(See May Sarton’s Journal of a Solitude entry for September 29, pages 29-31.)
”Yet it is true, and always has been, that innocence of heart and violence of feeling are necessary in any kind of superior achievement; the arts cannot exist without them.” May Sarton is quoting a book review by Louise Bogan of Caitlin Thomas. The extended quotation from Bogan’s book review is immediately preceded by Sarton’s own claim that, “the infant in myself must be forced to grow up, and in so doing die to its infant cries and rages.” And then she follows the quotation with a powerful speculation about her artistic reach, as a poet: “the work of art is a kind of dialogue between me and God . . . (the work of art) must present resolution rather than conflict . . . (which is) worked through by means of writing the poem . . . So there is Hell in my life but I have kept it out of the work . . . And now I am trying to master the Hell in my life, to bring all the darkness into the light. It is time, high time, that I grew up.”

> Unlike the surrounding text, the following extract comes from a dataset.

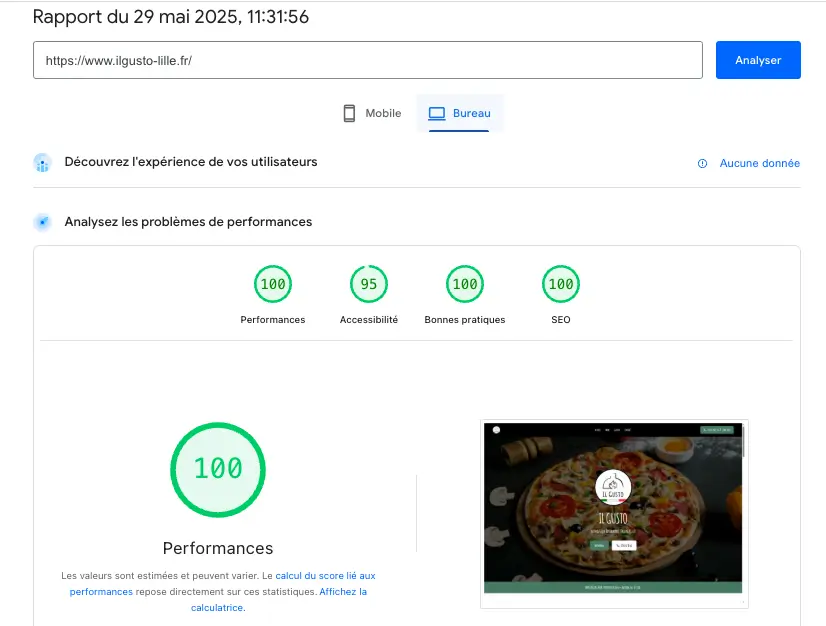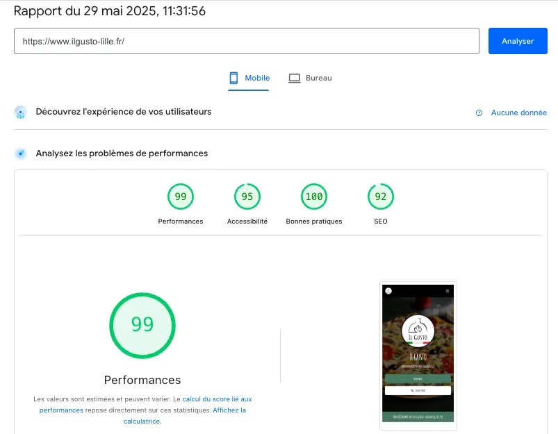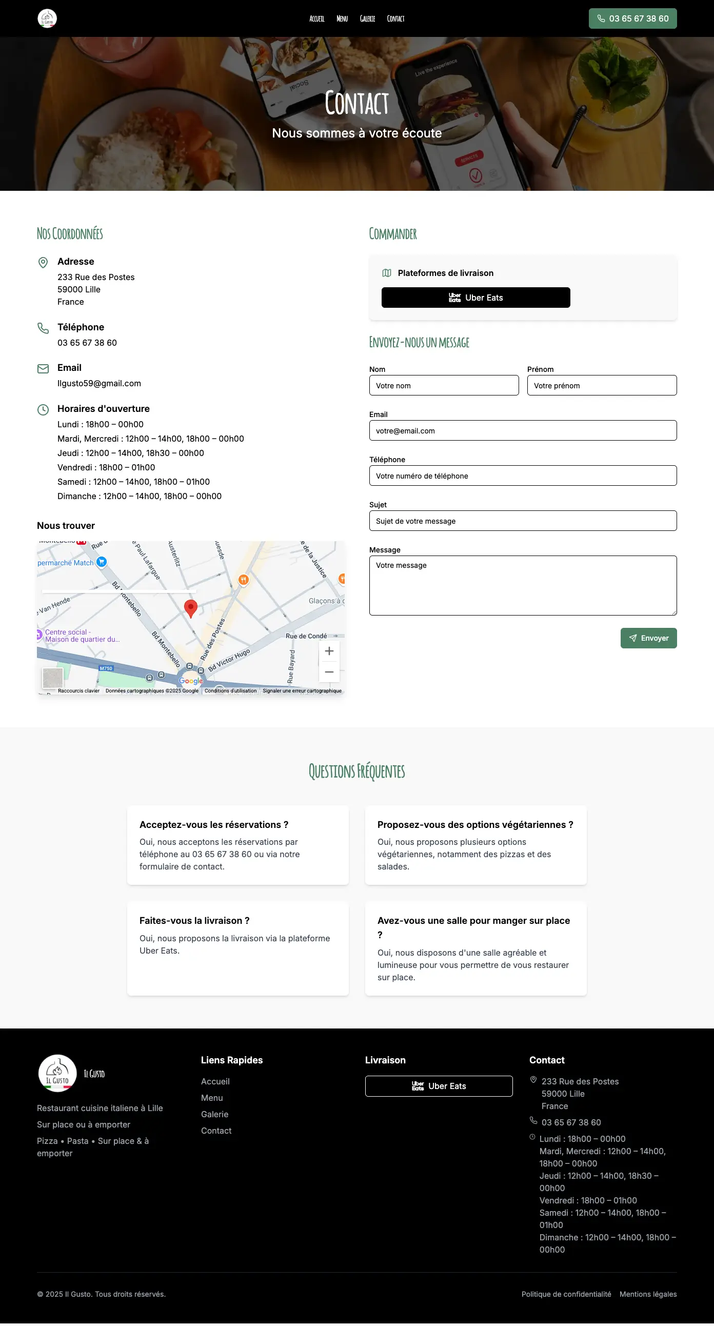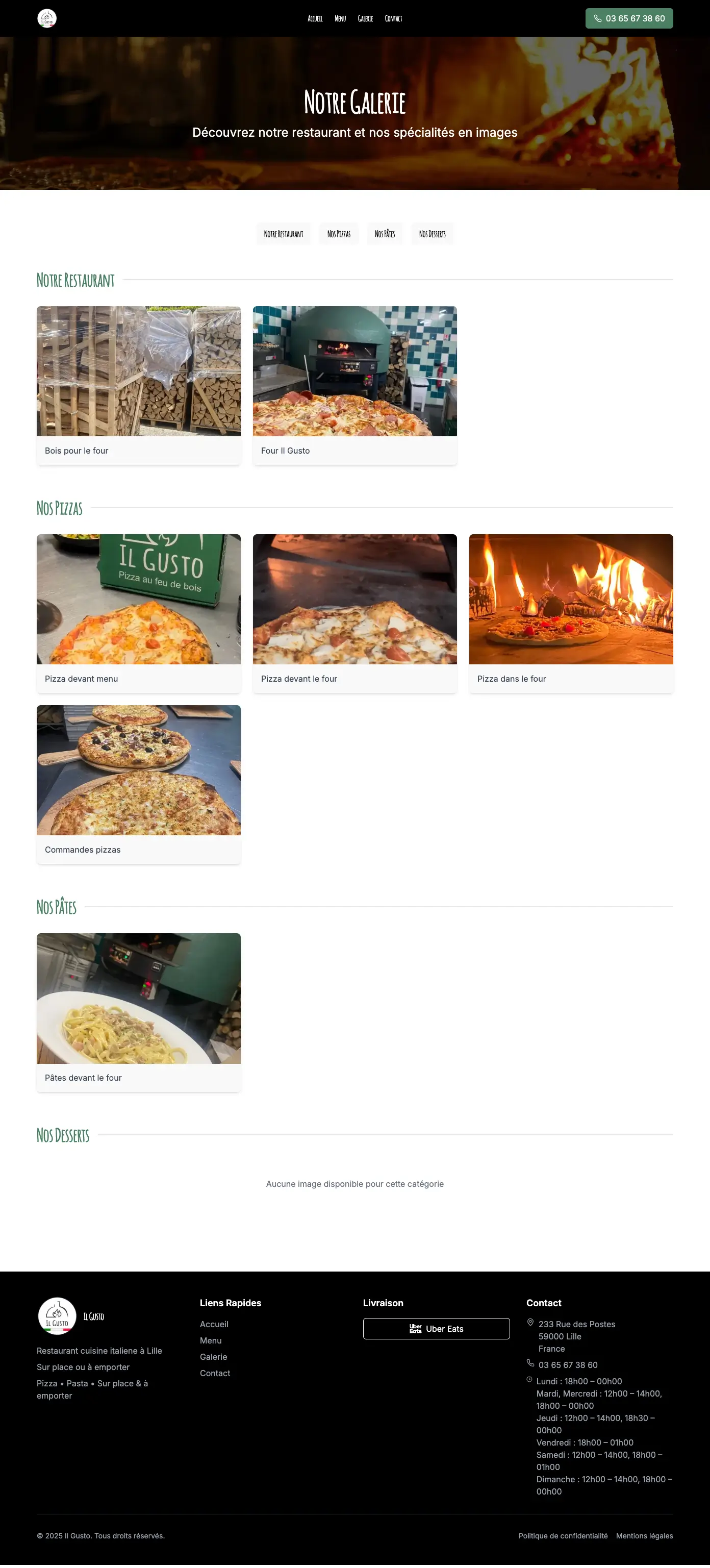 Design of a modern website for IL GUSTO, an Italian restaurant in Lille. Full-stack project with Strapi (headless CMS) and Next.js/React for performance and SEO. The site emphasizes the menu, specialties and delivery, with particular attention to optimizing content, speed and online visibility.

This claim could have radical implications for many Christian makers, yes?
Early career impulse: autobiography versus craft
Being late-career I have plenty opportunity to opine, “(This or that thing) is especially true at this time.” . . . only to recall or be recalled to the facts, to the truth, that this or that thing was true of my own trajectory. Such a recall has been prompted by reading David Daiches’ critical introduction to the work of my favorite author, Willa Cather.
Of her early works, Daiches wrote, “It was a good sign that Cather began her career as a novelist by demonstrating an interest in the craft of her fiction rather than by slopping on to paper her more immediate biographical impulses. . . . Her experiences with a completely objective art, however imperfectly realized, made it all the more likely that she would be able to use her autobiographical impulses successfully when she came to handle them.”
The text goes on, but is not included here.